RECORD EXTRACTS: Begin
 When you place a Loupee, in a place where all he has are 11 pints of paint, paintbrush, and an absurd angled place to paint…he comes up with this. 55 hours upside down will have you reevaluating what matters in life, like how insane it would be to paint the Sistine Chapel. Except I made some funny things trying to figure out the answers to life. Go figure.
RECORD EXTRACTS: End
RECORD EXTRACTS: Begin
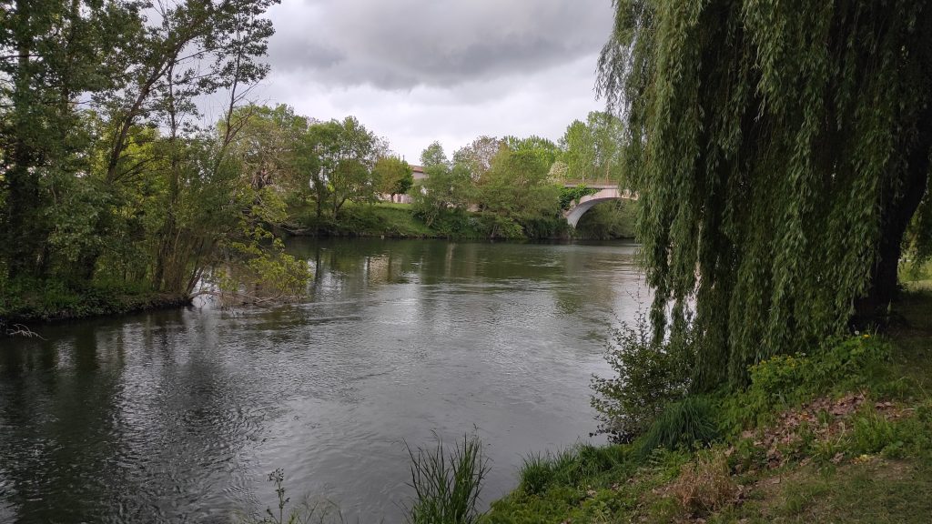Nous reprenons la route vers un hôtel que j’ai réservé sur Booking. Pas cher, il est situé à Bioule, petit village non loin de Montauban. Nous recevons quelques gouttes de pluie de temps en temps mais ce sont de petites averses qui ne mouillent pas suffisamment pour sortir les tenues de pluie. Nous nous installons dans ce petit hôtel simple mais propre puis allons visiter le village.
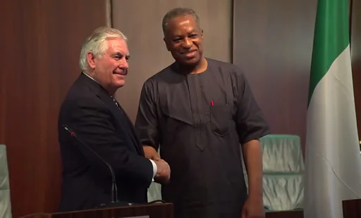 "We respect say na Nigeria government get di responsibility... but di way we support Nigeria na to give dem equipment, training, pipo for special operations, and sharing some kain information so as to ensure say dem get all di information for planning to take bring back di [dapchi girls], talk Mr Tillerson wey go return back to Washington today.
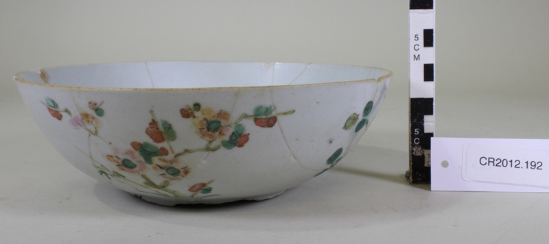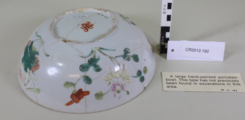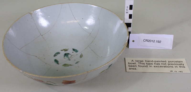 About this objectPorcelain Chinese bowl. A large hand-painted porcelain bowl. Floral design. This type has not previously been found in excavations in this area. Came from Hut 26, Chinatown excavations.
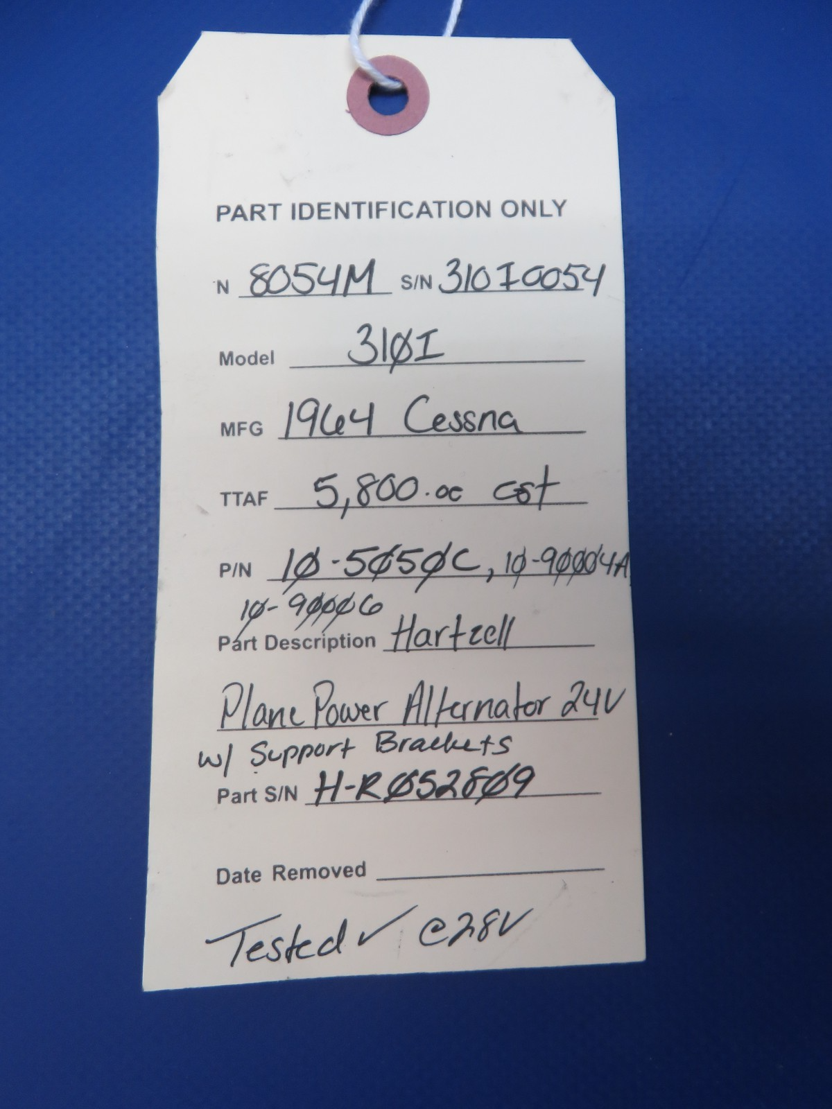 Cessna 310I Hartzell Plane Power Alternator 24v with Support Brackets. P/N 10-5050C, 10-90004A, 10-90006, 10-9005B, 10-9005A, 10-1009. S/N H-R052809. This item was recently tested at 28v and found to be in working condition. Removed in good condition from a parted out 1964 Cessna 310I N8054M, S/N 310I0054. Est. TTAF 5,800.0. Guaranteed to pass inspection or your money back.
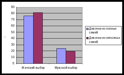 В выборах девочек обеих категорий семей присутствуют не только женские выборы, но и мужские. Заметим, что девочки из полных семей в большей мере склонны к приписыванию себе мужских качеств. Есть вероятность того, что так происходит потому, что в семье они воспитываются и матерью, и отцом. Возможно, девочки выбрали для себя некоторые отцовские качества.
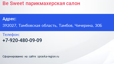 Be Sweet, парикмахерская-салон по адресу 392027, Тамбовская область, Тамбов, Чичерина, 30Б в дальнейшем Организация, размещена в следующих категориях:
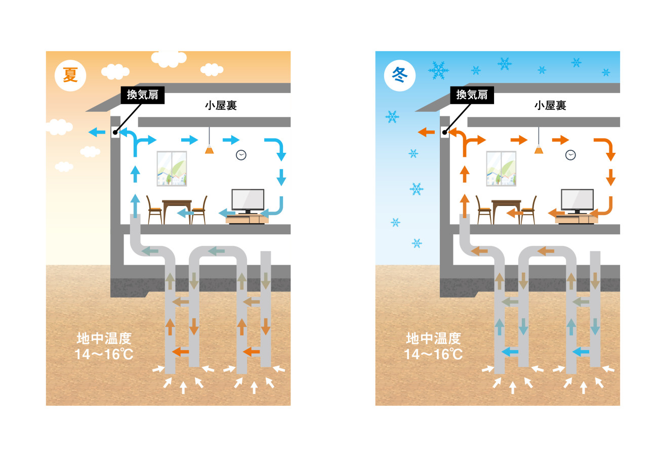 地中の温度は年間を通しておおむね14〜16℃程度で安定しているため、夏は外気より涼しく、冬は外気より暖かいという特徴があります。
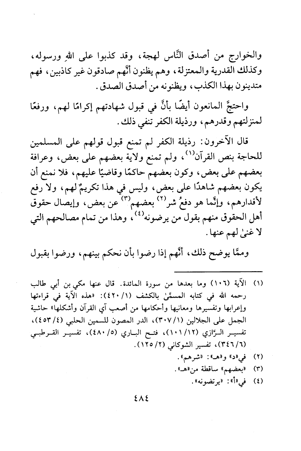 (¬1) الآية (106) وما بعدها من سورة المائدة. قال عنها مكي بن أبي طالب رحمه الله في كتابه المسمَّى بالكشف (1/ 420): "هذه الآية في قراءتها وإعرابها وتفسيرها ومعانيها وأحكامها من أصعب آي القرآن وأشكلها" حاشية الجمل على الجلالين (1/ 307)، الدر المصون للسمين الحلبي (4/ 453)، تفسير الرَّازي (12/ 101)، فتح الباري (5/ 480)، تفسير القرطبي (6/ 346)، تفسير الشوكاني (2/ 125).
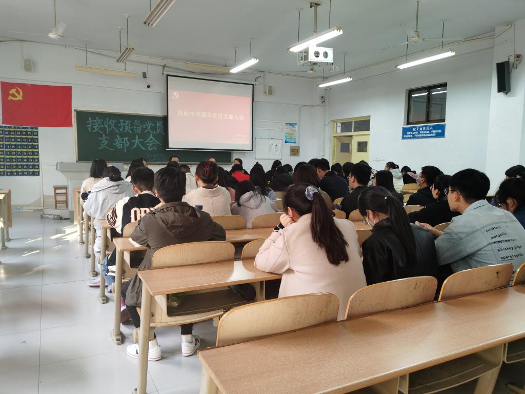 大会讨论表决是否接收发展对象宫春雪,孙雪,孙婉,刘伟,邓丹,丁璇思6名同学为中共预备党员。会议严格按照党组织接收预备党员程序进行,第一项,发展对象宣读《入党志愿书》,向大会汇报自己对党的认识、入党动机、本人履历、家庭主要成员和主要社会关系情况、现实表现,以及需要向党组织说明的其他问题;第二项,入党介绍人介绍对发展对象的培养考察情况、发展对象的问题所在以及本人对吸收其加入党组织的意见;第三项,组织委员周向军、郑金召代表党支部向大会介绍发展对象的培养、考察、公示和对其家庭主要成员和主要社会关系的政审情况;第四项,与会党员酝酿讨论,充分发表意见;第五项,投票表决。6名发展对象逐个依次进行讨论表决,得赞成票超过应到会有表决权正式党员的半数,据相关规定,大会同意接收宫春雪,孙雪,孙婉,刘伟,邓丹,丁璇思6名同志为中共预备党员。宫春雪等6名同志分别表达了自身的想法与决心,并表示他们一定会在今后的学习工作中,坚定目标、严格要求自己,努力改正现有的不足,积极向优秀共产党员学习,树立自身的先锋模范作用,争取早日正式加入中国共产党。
RECORD EXTRACTS: End
RECORD EXTRACTS: Begin
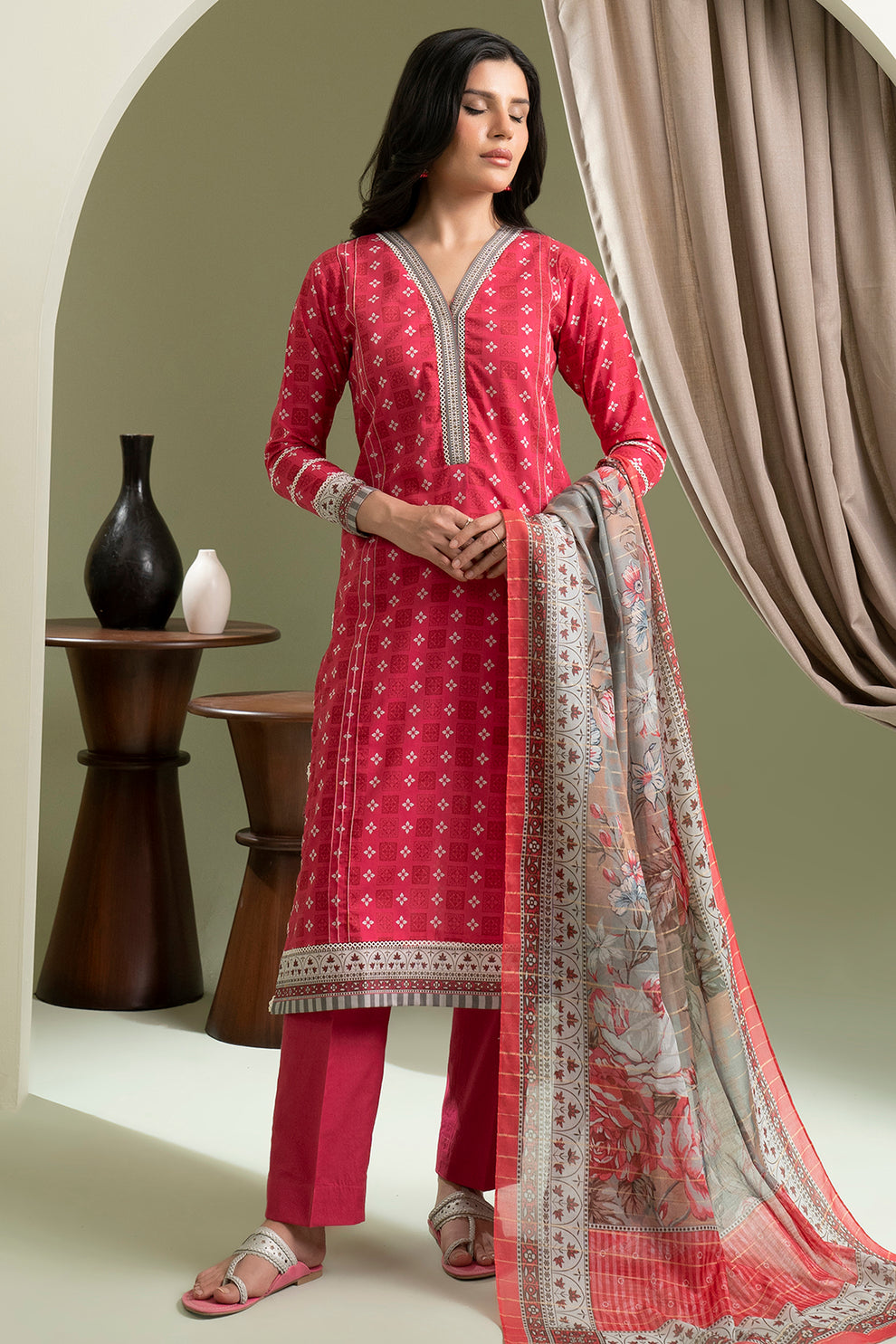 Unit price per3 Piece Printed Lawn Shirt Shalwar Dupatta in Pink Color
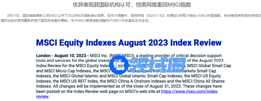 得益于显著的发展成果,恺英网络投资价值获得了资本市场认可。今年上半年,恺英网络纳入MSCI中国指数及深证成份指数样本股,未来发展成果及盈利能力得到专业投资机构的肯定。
RECORD EXTRACTS: End
■ **WORK TO BE COMPLETED**:
Now transcribe the lines above exactly, starting at the line containing "(¬1) الآية (106)" and ending at the line containing "大会讨论表决是否接收发展对象", both lines included, pictures excluded.

■ **RESULT**:
 (¬1) الآية (106) وما بعدها من سورة المائدة. قال عنها مكي بن أبي طالب رحمه الله في كتابه المسمَّى بالكشف (1/ 420): "هذه الآية في قراءتها وإعرابها وتفسيرها ومعانيها وأحكامها من أصعب آي القرآن وأشكلها" حاشية الجمل على الجلالين (1/ 307)، الدر المصون للسمين الحلبي (4/ 453)، تفسير الرَّازي (12/ 101)، فتح الباري (5/ 480)، تفسير القرطبي (6/ 346)، تفسير الشوكاني (2/ 125).
 大会讨论表决是否接收发展对象宫春雪,孙雪,孙婉,刘伟,邓丹,丁璇思6名同学为中共预备党员。会议严格按照党组织接收预备党员程序进行,第一项,发展对象宣读《入党志愿书》,向大会汇报自己对党的认识、入党动机、本人履历、家庭主要成员和主要社会关系情况、现实表现,以及需要向党组织说明的其他问题;第二项,入党介绍人介绍对发展对象的培养考察情况、发展对象的问题所在以及本人对吸收其加入党组织的意见;第三项,组织委员周向军、郑金召代表党支部向大会介绍发展对象的培养、考察、公示和对其家庭主要成员和主要社会关系的政审情况;第四项,与会党员酝酿讨论,充分发表意见;第五项,投票表决。6名发展对象逐个依次进行讨论表决,得赞成票超过应到会有表决权正式党员的半数,据相关规定,大会同意接收宫春雪,孙雪,孙婉,刘伟,邓丹,丁璇思6名同志为中共预备党员。宫春雪等6名同志分别表达了自身的想法与决心,并表示他们一定会在今后的学习工作中,坚定目标、严格要求自己,努力改正现有的不足,积极向优秀共产党员学习,树立自身的先锋模范作用,争取早日正式加入中国共产党。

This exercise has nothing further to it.